# **** Puff, Puff ****



## catcapper (Feb 11, 2010)

As Maury would say--- the results are in.

The pilgrams that puff on the green wacky weed have voted to give us here in Colorado ---WOLVES---

Guess they didn't get off the joint long enough to think of the millions its gonna cost in increased tax and conservation dollars--- but what the heck--- their so pretty--- and besides, its just nature.

Seems like the 4 cities in this state always know whats best for us AG folks.

AG keeps this county alive--- and now we find that a bit over a thousand people (pilgrams from the cities) in this ranching and hunting county voted to hurt our way of life.

Guess ya cant fix stupid--- puff, puff--- keep on smoke'in that wachy weed--->

awprint:


----------



## hassell (Feb 9, 2010)

It's so sad Cat, we have them here also.


----------



## pokeyjeeper (Sep 5, 2013)

Crazy stuff cat 
Good luck with the big dogs they sure take more big game than they can eat


----------



## youngdon (Mar 10, 2010)

That's a shame that they're doing it to CO. too. 
They can track Your cell phone no matter where you go but they won't track the wolves well enough to know how far they roam.


----------



## kiyote (Jun 15, 2014)

the puffers don't care cause the puffers ain't payin the taxes.

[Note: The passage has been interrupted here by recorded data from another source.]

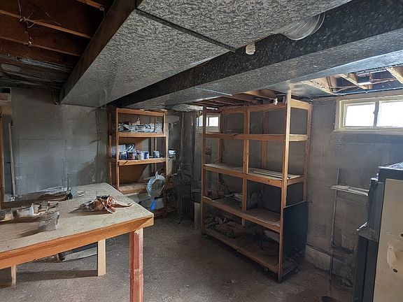 Finished basement featuring a spacious bedroom, new flooring, and a refreshed laundry area
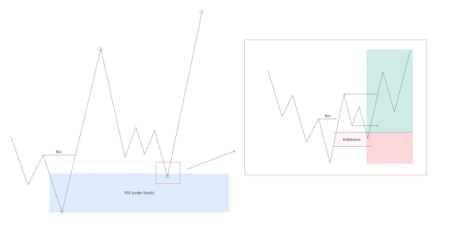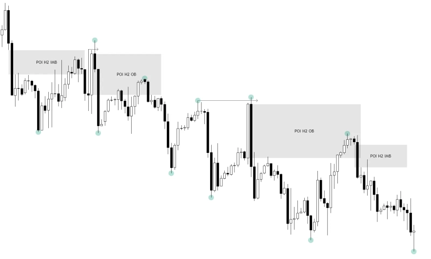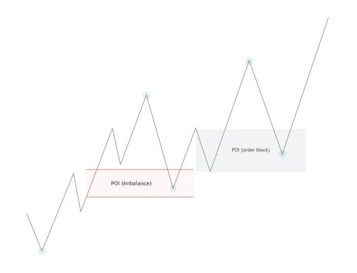 Під час трендового руху ціни, зонами інтересу (POI) будуть блоки і дисбаланси всередині імпульсу. Коли настане корекція, ми можемо очікувати її закінчення в одній з POI. Або ж, зони інтересу можуть формуватися на "піках" ціни, від яких ми згодом очікуватимемо на зміну тренда.
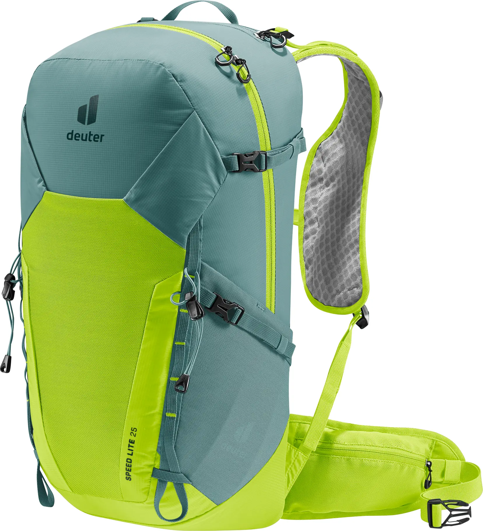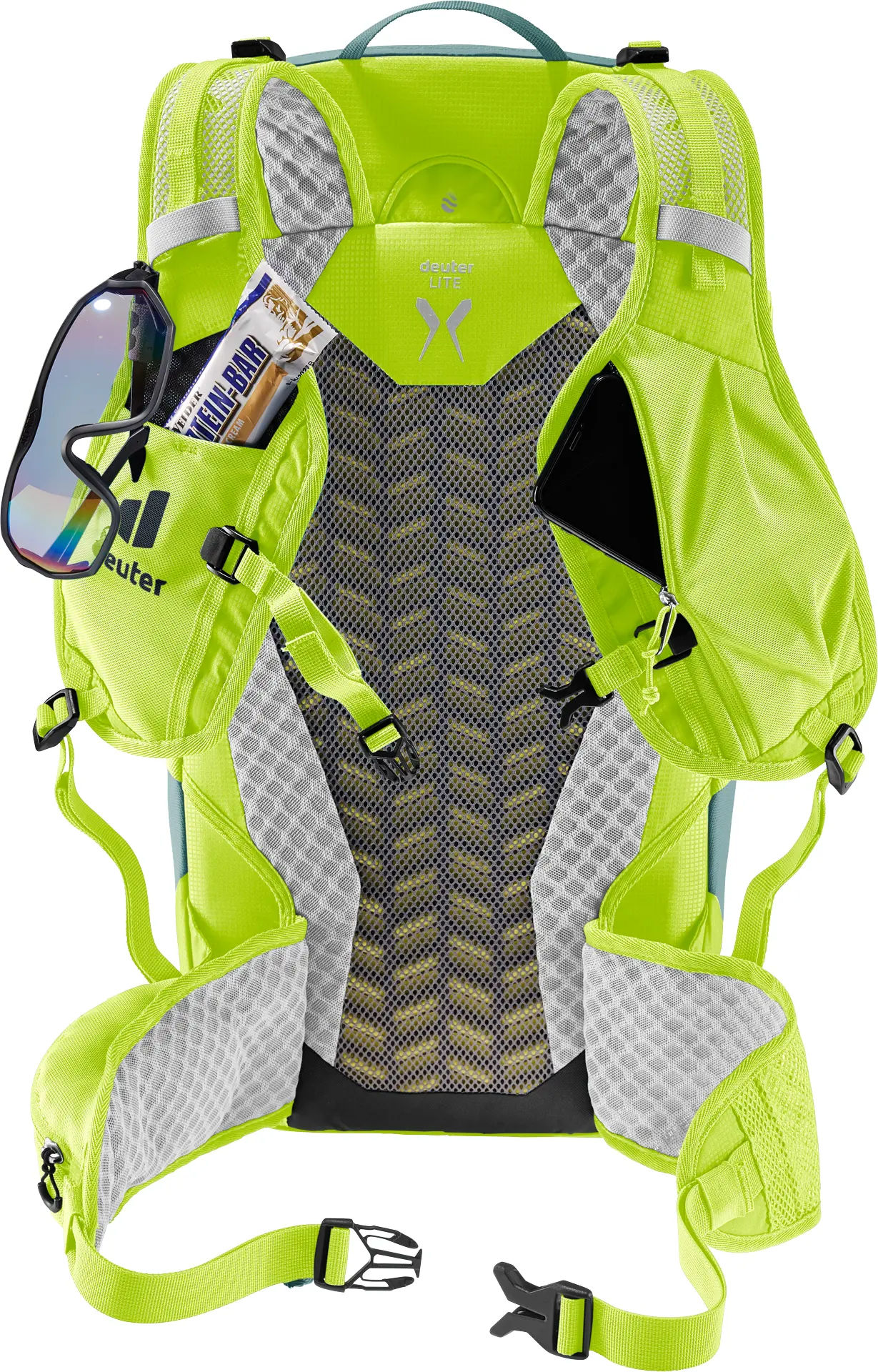 Leicht, schnell und nachhaltig am Berg dank bewährtem Lite Tragesystem, westenförmigen, perforierten Schulterträgern, anschmiegsamen Hüftflossen, stufenlos verstellbarem Brustgurt und 100% recyceltem und bluesign® zertifiziertem Hauptmaterial. Zudem sorgen seitliche Kompressionsriemen für die Minimierung von Auf- und Abbewegung der Ladung beim Laufen und damit für eine uneingeschränkte Bewegungsfreiheit. Und die am Schulterträger integrierte Tasche bietet genügend Platz für alles, was auf schnellen Hikes griffbereit sein soll.
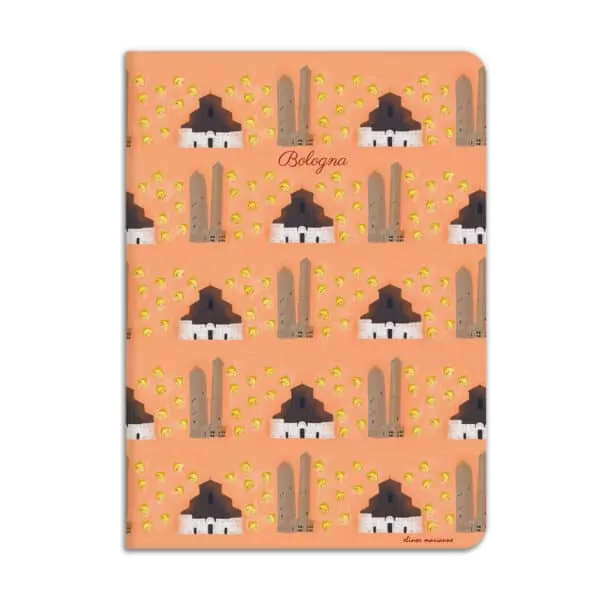 Un quaderno dedicato a Bologna, ai suo simboli: la basilica di San Petronio, le due torri e i tortellini.
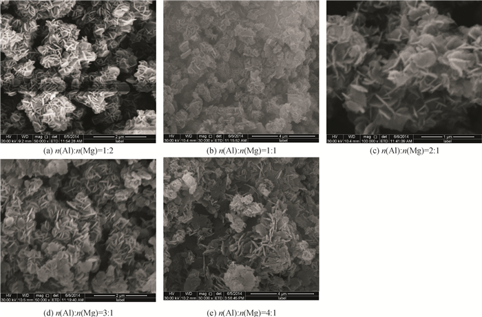 图 3是不同铝镁摩尔比制得的复合阻燃剂颗粒扫描电镜照片,从图 3(a)可知,当n(Al):n(Mg)=1:2时复合阻燃剂的形貌为规则的六方片状,片状厚度为0.20 μm;从图 3(b)可知,当n(Al):n(Mg)=1:1时复合阻燃剂的六方片状形貌开始受到破坏,片状厚度稍微减小,厚度为0.18 μm;从图 3(c)可知,当n(Al):n(Mg)=2:1时复合阻燃剂呈不规则片状形貌,片状厚度继续减小,厚度为0.14 μm,粒度变得不均匀;从图 3(d)可知,当n(Al):n(Mg)=3:1时复合阻燃剂的片状形貌更加不规则,片状厚度为0.13 μm;从图 3(e)可知,当n(Al):n(Mg)=4:1时复合阻燃剂的形貌为很薄的不规则片状结构,片状厚度为0.10 μm.
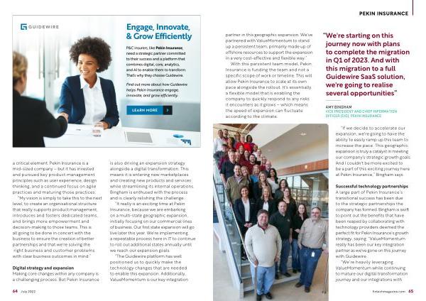 Successful technology partnerships A large part of Pekin Insurance ’ s transitional success has been due to the strategic partnerships the company has formed . Bingham is swift to point out the benefits that have been reaped by collaborating with technology providers deemed the perfect fit for Pekin Insurance ’ s growth strategy , saying : “ ValueMomentum really has been our key integration partner as we ' ve gone on this journey with Guidewire .
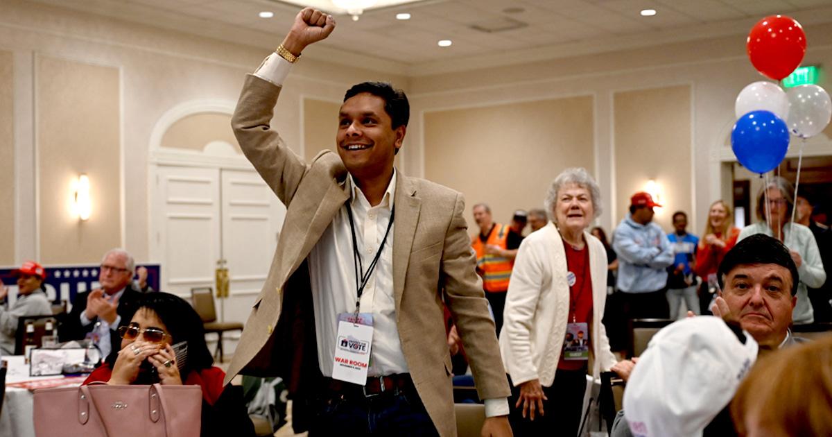 IMAGE: What appears to be an Indian American supporter during a Republican election night watch party at the Ingleside Hotel in Pewaukee, Wisconsin. Photograph: Vincent Alban/Reuters
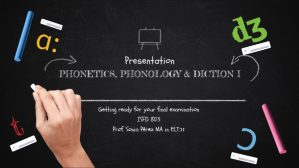 Getting ready for your final examination ISFD 803 Prof. Sonia Pérez MA in ELTɔɪ
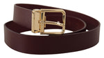 Dolce & Gabbana Maroon Vitello Leather Gold Metal Buckle Belt
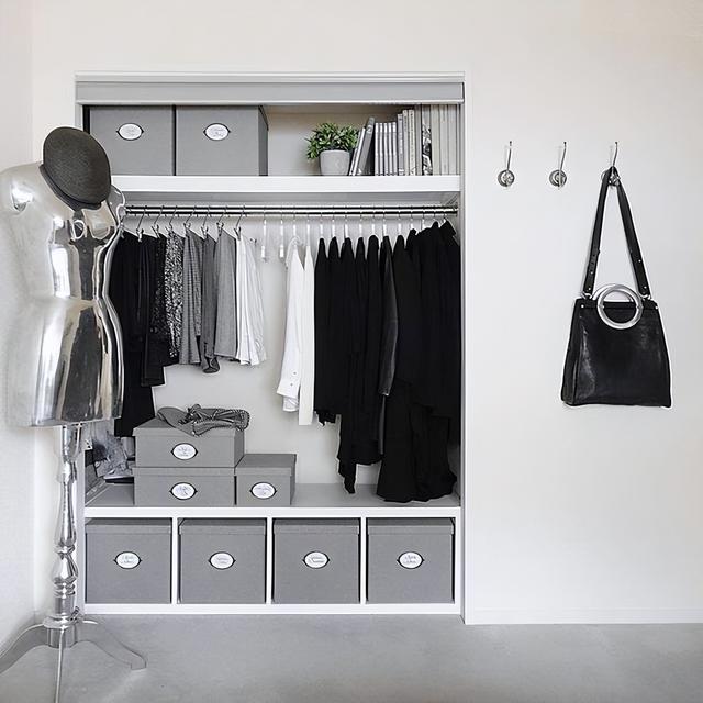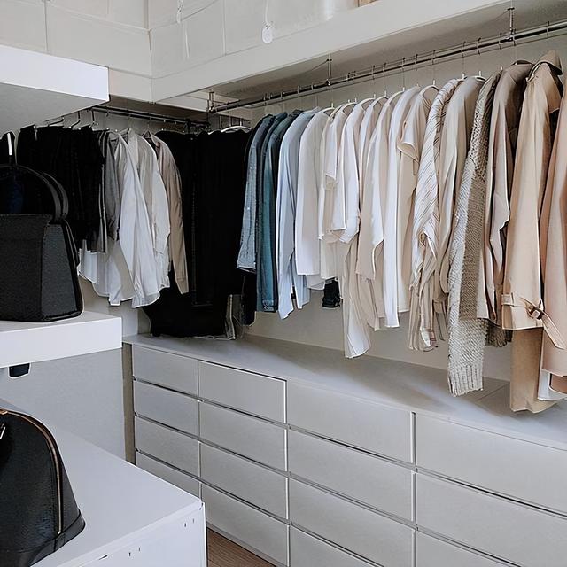 换季或不常用的衣服,装在统一的收纳袋里,放在高处。换季经常穿或者不方便折叠的衣服一般挂在中间。抽屉可以用来存放换季的衣服和不方便悬挂的内衣、袜子、饰品等。
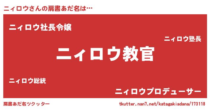 | ヒーロー風カッコイイあだ名 | 『仮面ニィダー』『スーパーニィロウ』 |
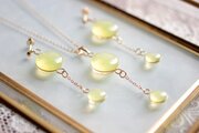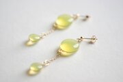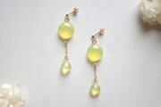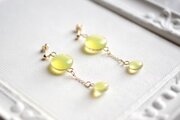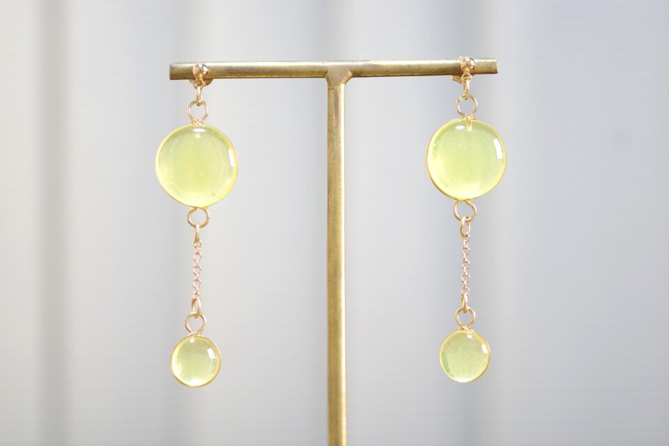 ぷっくり張りつめた大小の水滴のようなレジンの透明感に魅入ってしまうピアス。
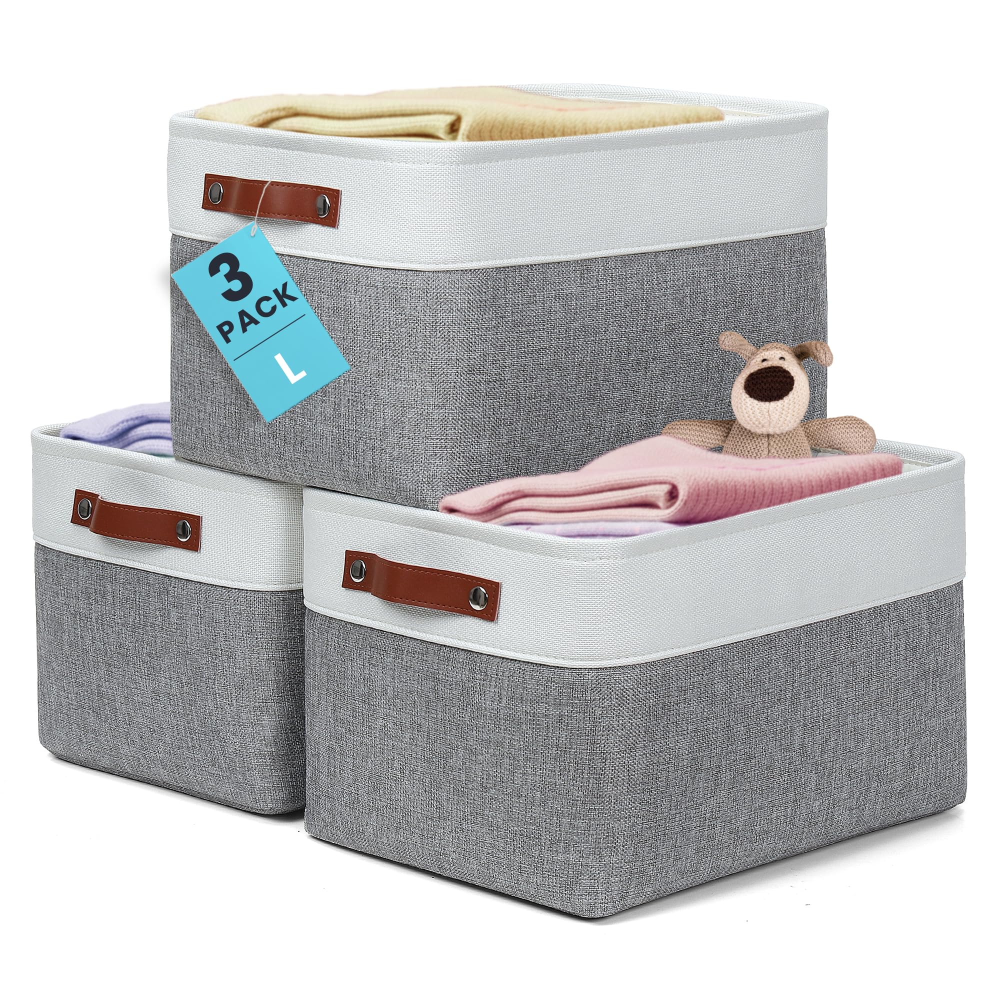 【Extra Large Storage Bin】- Set of 3 decorative storage baskets, dimensions (each): 17” (L) x 12” (W) x 15” (H) / (43.2cm x 30.5 cm x 38 cm). Its huge capacity can keep your home nice and tidy. Minimalist design and neutral color can be integrated into any home decorations and styles. Sturdy fabric baskets add a stylish touch to a living room, bedroom, office, kitchen or personal space.

always being one to look for the bright side ...................least ya'll won't have to worry bout CWD no mo. :wink:


----------



## glenway (Mar 27, 2011)

Welcome to the stinkin' club.

Everyone will eventually learn there's no "off button" for wolves.


----------



## hassell (Feb 9, 2010)

Our game numbers here are going down fast because of them multiplying.


----------



## catcapper (Feb 11, 2010)

I'll be take'in care of my family and outfit--- sounds like others in the state will follow the same-------> S.S.S.

awprint:


----------



## hassell (Feb 9, 2010)

catcapper said:


> I'll be take'in care of my family and outfit--- sounds like others in the state will follow the same-------> S.S.S.
> 
> awprint:


 Like I said in a previous post, the griz. in the valley are under the same program.


----------



## murphyranch (Dec 9, 2015)

catcapper said:


> I'll be take'in care of my family and outfit--- sounds like others in the state will follow the same-------> S.S.S.
> 
> awprint:


SSS. Shoot, Shovel, Shut up!

Sent from my iPad using Tapatalk


----------



## glenway (Mar 27, 2011)

Shhhhhhh...


----------



## kiyote (Jun 15, 2014)

catcapper said:


> I'll be take'in care of my family and outfit--- sounds like others in the state will follow the same-------> S.S.S.
> 
> awprint:


 :doh: you all ready broke the rule on third S. juz sayin. :wink: :mrgreen:

:getrdone:


----------